Autochthones Grundmassiv
Südlich von Rachiw öffnet sich im Marmarosch-Massiv ein Fenster durch die Flyschschichten und legt das autochthone Grundmassiv frei. Es handelt sich um einen kristallinen Sockel, der aus Amphibolit-Gneis und quarzitischen Grünschiefern besteht. Dieses Massiv wird auch Marmarosch-, Rachiw- oder Huzul-Alpen genannt; das Wahrzeichen ist der 1946 Meter hohe Pip Iwan. Doch auch dieses Gebiet ist nicht frei von Sedimenten wie Wildflysch und Kalkgestein. Das Mosaik aus kristallinen und kalkhaltigen bodenbildenden Substraten führte jedenfalls zu einer außerordentlich hohen Vielfalt an Pflanzenarten.

Vulkanische Gesteine
Während sich die Karpaten auffalteten, ist das vorgelagerte Becken eingebrochen, was zur Bildung von Vulkanen führte.
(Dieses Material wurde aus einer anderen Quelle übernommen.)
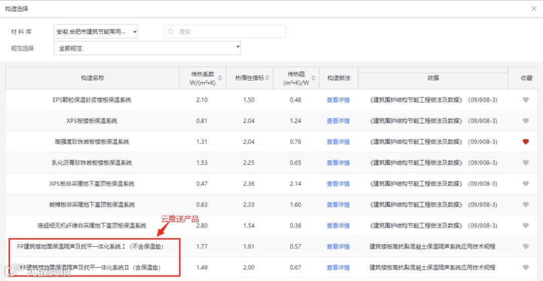 第四步:在右侧的构造推荐可看到被推送出来的“FP建筑楼地面保温隔声及找平一体化系统”,可双击进行选用

Der Ausstoß von flüssigem Magma aus dem Erdinnern erzeugte saure bis basische Ergussgesteine wie Andesit und Basalt sowie Tuffablagerungen. Diese Gesteine finden sich im Gebiet zwischen Uschhorod und Chust, rund 20 Kilometer in südwestlicher Richtung Landesgrenze sowie in nordöstlicher Richtung in die bewaldete Hügelzone.

Zahlreiche Mineralquellen
Transkarpatien ist bekannt für seine Mineralquellen. Produziert werden verschiedene Mineralwassersorten, rund 50 Mineralwasserquellen werden genutzt. In der Region gibt es auch Thermalwasserquellen mit Temperaturen von 18 bis 80 °C aus einer Tiefe von bis zu 800 Metern. Bodenschätze sind nur in bescheidenen Mengen vorhanden. Im 18. und 19. Jahrhundert wurden Eisenerze abgebaut, und für die Verhüttung rodete man große Waldflächen. Noch in Betrieb ist das Salzbergwerk in Solotwyno, das Steinsalz mit großen Kristallen von besonders guter Qualität liefert.